The corresponding HSI data of each patient were recorded. In total, 124 records were prepared, and 101 measurements were made on the viable flap areas. Moreover, 19 free flap datasets with venous congestion were analyzed. The average StO2 was 44.5 ± 15.2% [3–80], NIR, 41.0 ± 11% [7–72], THI, 27.2 ± 20.1% [0–93], and TWI, 50.5 ± 8.4% [34–74] for viable flaps on the first day (Figure 2(a–d)). Free flaps with impaired perfusion in the form of venous congestion were characterized by decreased StO2 (35.5%), NIR (26.3%), and TWI (47,3%) and increased THI (approximately 64.3%) after 3 days. Student’s t-test was used to compare each parameter between the groups. No significant differences were observed for StO2 between viable free flaps and flaps with malperfusion caused by venous congestion at each time point. However, regarding NIR, THI, and TWI, statistically significant differences were observed.

Figure 2
Figure 2. StO2, THI, NIR, and TWI based on different perfusion status. a. Decreasing StO2 values of both groups. b. Reduced NIR indicating venous congestion, requiring major revisions. c. Increasing THI between venous congestion and viable free flaps. d. Increasing TWI between viable free flaps and venous congestion.

Subgroup t1: Within the first 24 h, case 31 developed venous congestion malperfusion during clinical and instrumental assessments. Operative revision was required. Intraoperatively, the venous anastomoses were thrombosed; therefore, the flap was directly removed. Further measurements could not be performed. Cases 20, 2, and 10 demonstrated a regular clinical appearance and were not revised. However, the HSI camera indicated early venous congestion. The clinical situation was rated as unremarkable. However, venous congestion further deteriorated in period t3 such that an operative revision was finally initiated, and the suspicion was confirmed intraoperatively as a thrombosed vein. The cases were rated as true positive.

Cases 9 and 33 had clinically viable flaps. However, there was a discrepancy between clinical findings, indicating overall good flap perfusion, and HSI, suggesting venous congestion. Postoperative healing was uneventful, and a revision did not occur. The cases were marked as false positives. The HSI measurements showed a sensitivity of 57%, a specificity of 94%, a positive predictive value of 67%, and a negative predictive value of 91%. The clinical examination results, which can be viewed from the files, showed a sensitivity of 28%, a specificity of 100%, a positive predictive value of 100%, and a negative predictive value of 87% (Figure 3(a)).

Figure 3
Figure 3. A direct comparison between the diagnostical accuracy of HSI and clinical examination using a contingency table. a. Comparison between clinical examination and HSI for detecting flap malperfusion within 24 h. b. Comparison between clinical examination and HSI for detecting flap malperfusion between 24 and 48 h. c. Comparison between clinical examination and HSI for detecting flap malperfusion between 48 and 72 h. d. Summary and comparison of both monitoring modalities characterized by contingency tables within the first 72 h.

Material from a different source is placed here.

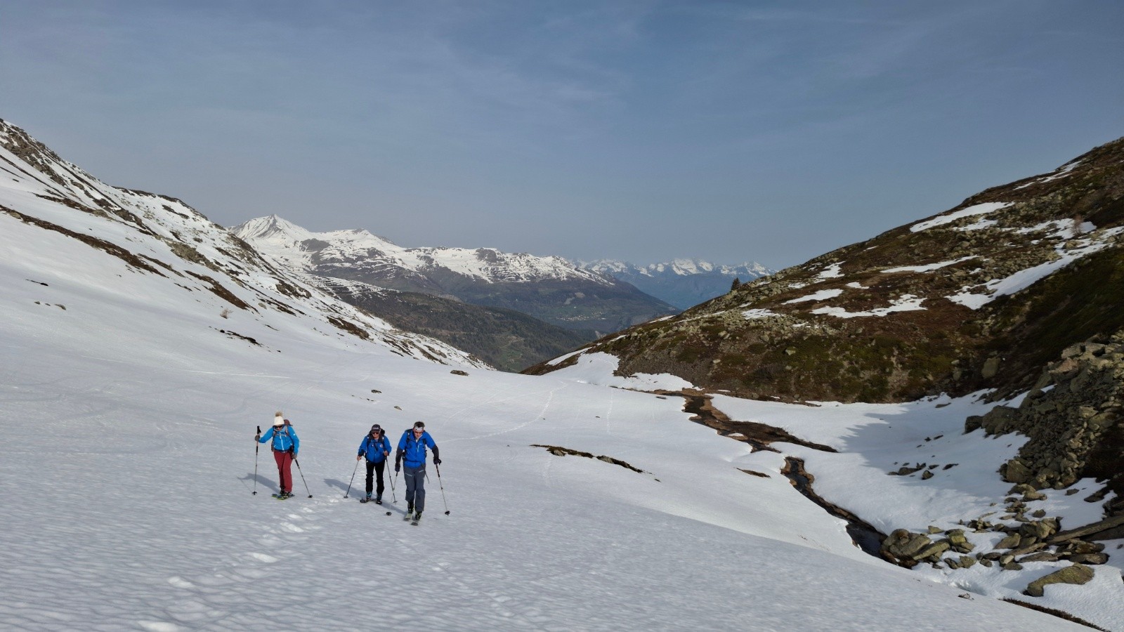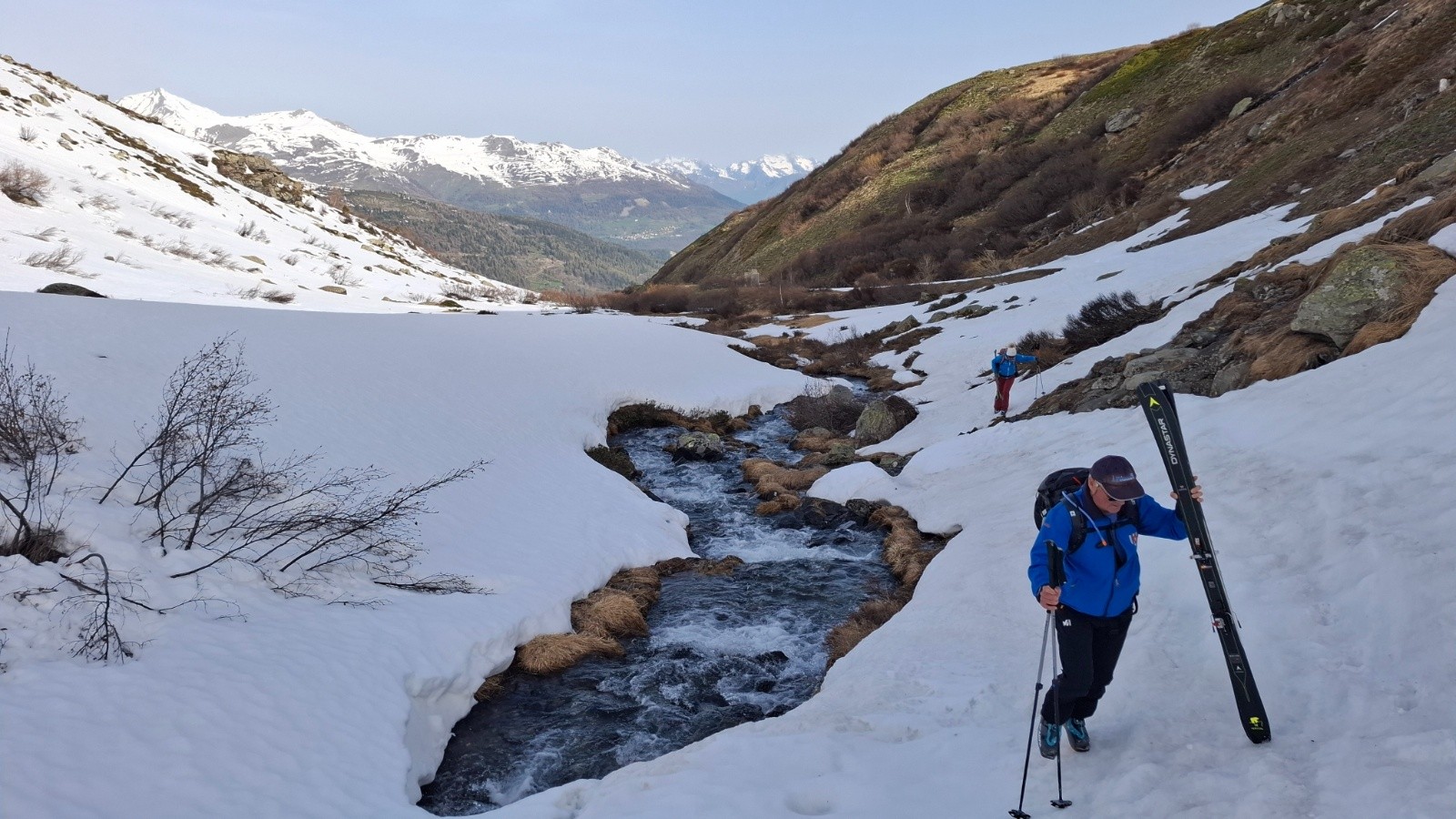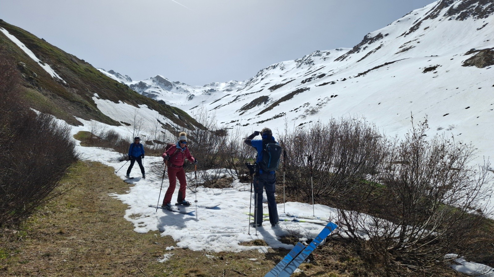 Altitude de chaussage/déchaussage : sur la piste juste derrière les immeubles, 1870m, un court déchaussage pour entrer dans le vallon vers 2050m, 400m linéaire, 40m d+, et un autre de qq pas pour franchir le ruisseau du col des marches (ça passait encore bien il y a 2 jours)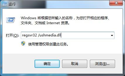 1、使用键盘快捷键WIN+R或者点击开始-运行,输入命令:regsvr32 /ushmedia.dll 然后回车确定;

Subgroup t2: Between 24 and 48 h, cases 2 and 10 presented with further progressive venous congestion during clinical and instrumental assessments. In case 31, measurements could no longer be taken. Every case was marked as true positive. Case 33 was indicated for major revision based on HSI findings. However, there were no clinical data regarding the signs of malperfusion or necrosis. Therefore, case 33 was marked as false positive. In contrast, case 9 was no longer indicated for revision based on HSI findings after 24 h and was marked as true positive. In the second subgroup, HSI measurements showed a sensitivity of 50%, a specificity of 97%, a positive predictive value of 75%, and a negative predictive value of 91%. The clinical investigations showed a comparable sensitivity of 66%, a specificity of 100%, a positive predictive value of 100%, and a negative predictive value of 94% (Figure 3(b)).

Subgroup t3: Between 48 and 72 h after free-flap surgery, cases 4 and 26 had prolonged recapilarization caused by venous congestion. Clinical and hyperspectral data indicated and confirmed venous congestion caused by venous thrombosis between 48 and 72 h postoperation. The decision to discard the flap in both cases was validated with multiple thromboses. Both flaps required surgical debridement and either flap advancement or additional tissue reconstruction via a second free flap. Cases 2, 10, 20, and 41 presented with progressive necrosis of the whole flap caused by secondary venous thrombosis. HSI measurements demonstrated a sensitivity of 83%, a specificity of 97%, a positive predictive value of 83%, and a negative predictive value of 97% in the last subgroup, whereas the clinical examination of free flaps demonstrated a sensitivity of 100%, a specificity of 100%, a positive predictive value of 100%, and a negative predictive value of 100% (Figure 3(c)).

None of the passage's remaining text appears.